Monday, November 27, 2006

Rebel chief vows Sri Lankan Tamils will have own state

By Gandi Douglas,
WNS Sri Lanka Correspondent

COLOMBO - The Tamil people of Sri Lanka have no choice but to have their own independent state, rebel chief Velupillai Prabhakaran declared, effectively ending the island's peace process. In his annual policy speech from a secret hideout, the Tamil Tiger leader accused the Colombo government of waging military and economic war against 2.5 million Tamils and that they were left "with no other option but an independent state." The declaration went back on a 2002 pledge to accept a federal solution under which the Tamils would enjoy broad autonomy. That commitment had opened the way for a ceasefire and Norwegian-brokered peace talks which collapsed in Geneva last month. However, President Mahinda Rajapakse, "by openly advocating attacks on our positions, has effectively buried the CFA (Ceasefire Agreement)," the head of the Liberation Tigers of Tamil Eelam (LTTE) charged. "Our people are subjected to unprecedented assaults.
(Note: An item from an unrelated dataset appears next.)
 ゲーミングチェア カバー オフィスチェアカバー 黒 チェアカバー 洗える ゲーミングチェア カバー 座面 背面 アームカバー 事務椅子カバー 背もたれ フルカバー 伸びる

Arrests, imprisonment, and torture, rape and sexual harassment, murders, disappearance, shelling, aerial bombing, and military offensives are continuing unchecked," he said. Prabhakaran stopped short of declaring independence, but made it clear the peace process with the Sinhalese nationalist-led government was over. "It is now crystal clear that the Sinhala leaders will never put forward a just resolution to the Tamil national question," he said. "Therefore, we are not prepared to place our trust in the impossible and walk along the same old futile path."
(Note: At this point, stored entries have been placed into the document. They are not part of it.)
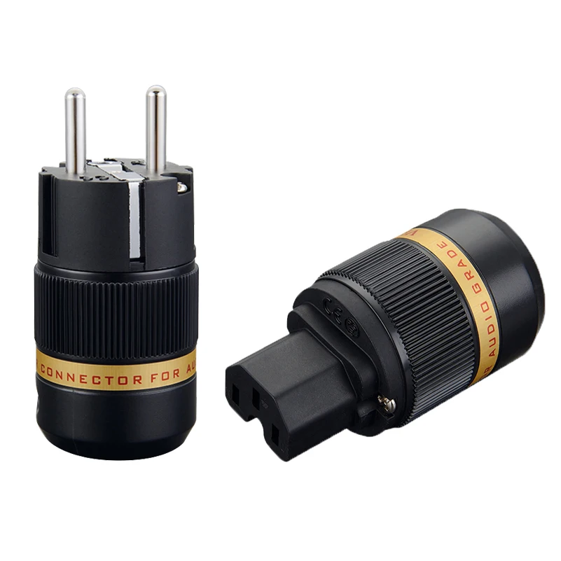 Viborg VE501R+VF501R Pure Copper Rhodium Plated Schuko EU Power Plug European Male connector+IEC Female Connector Plug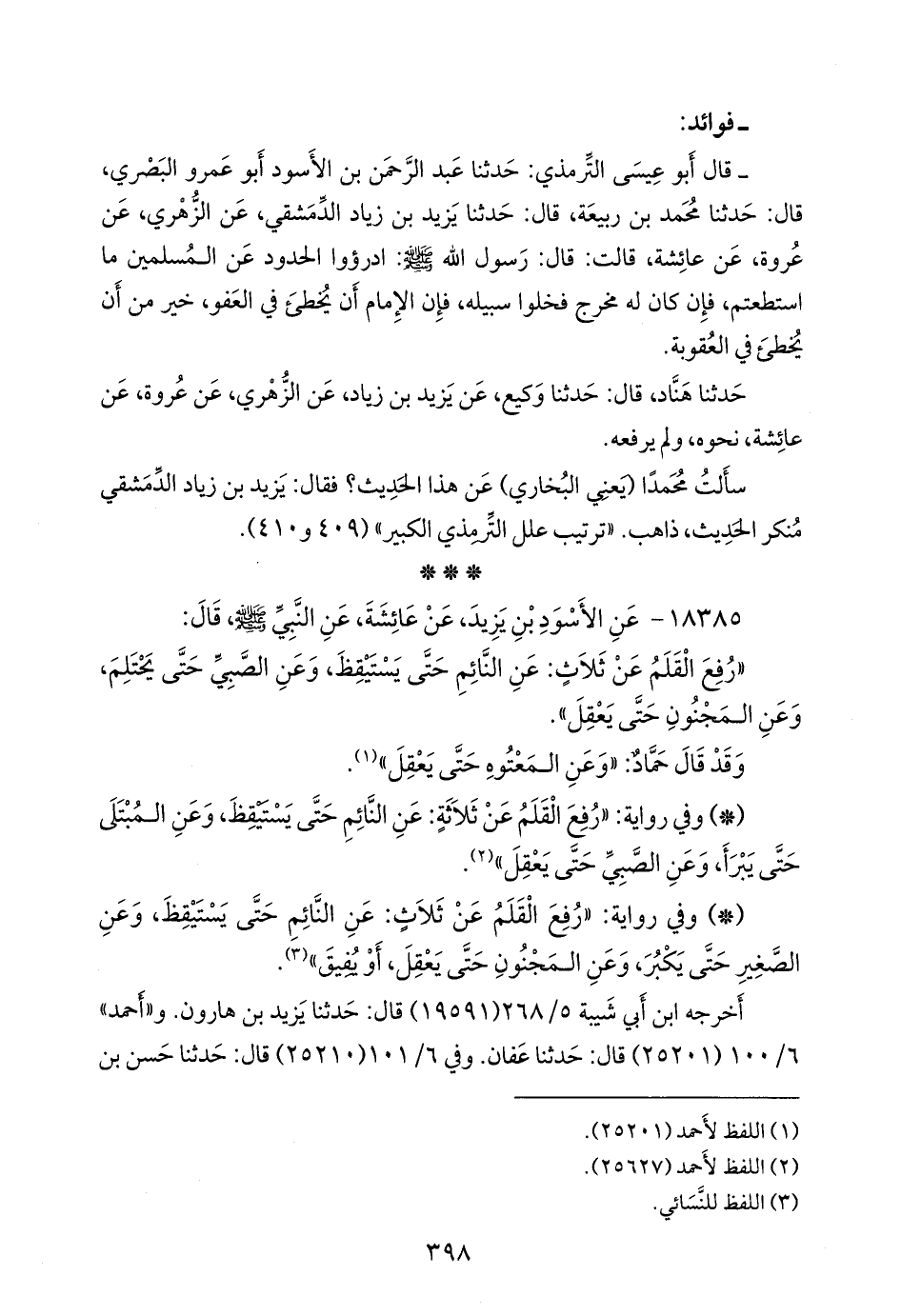 - وفي رواية: «رفع القلم عن ثلاث: عن النائم حتى يستيقظ، وعن الصغير حتى يكبر، وعن المجنون حتى يعقل، أو يفيق» (¬٣).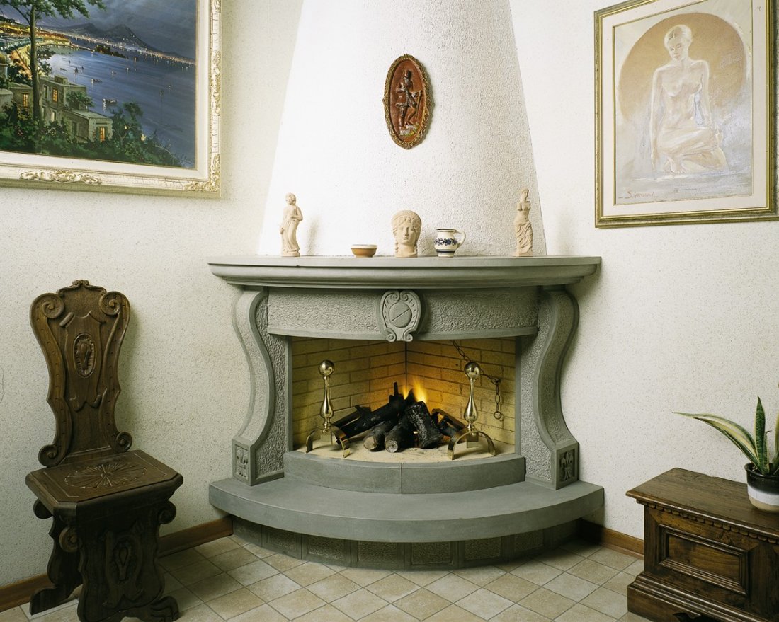 Caminetto con rivestimento realizzato in pietra serena completamente scolpito a mano.

In his November 2005 speech, Prabhakaran gave the government one year to come up with a political solution to Asia's longest-running ethnic conflict or face an escalation in the fighting. "He rejected our final call ... Instead, he (Rajapakse) intensified the war," while talking about peace, the LTTE chief said on Monday in a speech broadcast by Voice of Tamil radio from rebel-held territory in the north. "This dual war and peace approach is fundamentally flawed. It is not possible to find a resolution by marginalising and destroying the freedom movement." The policy speech was keenly-awaited by Sri Lankan leaders as well as foreign capitals after last year's deadline and an upsurge in violence that has killed more than 3,400 people in 2006.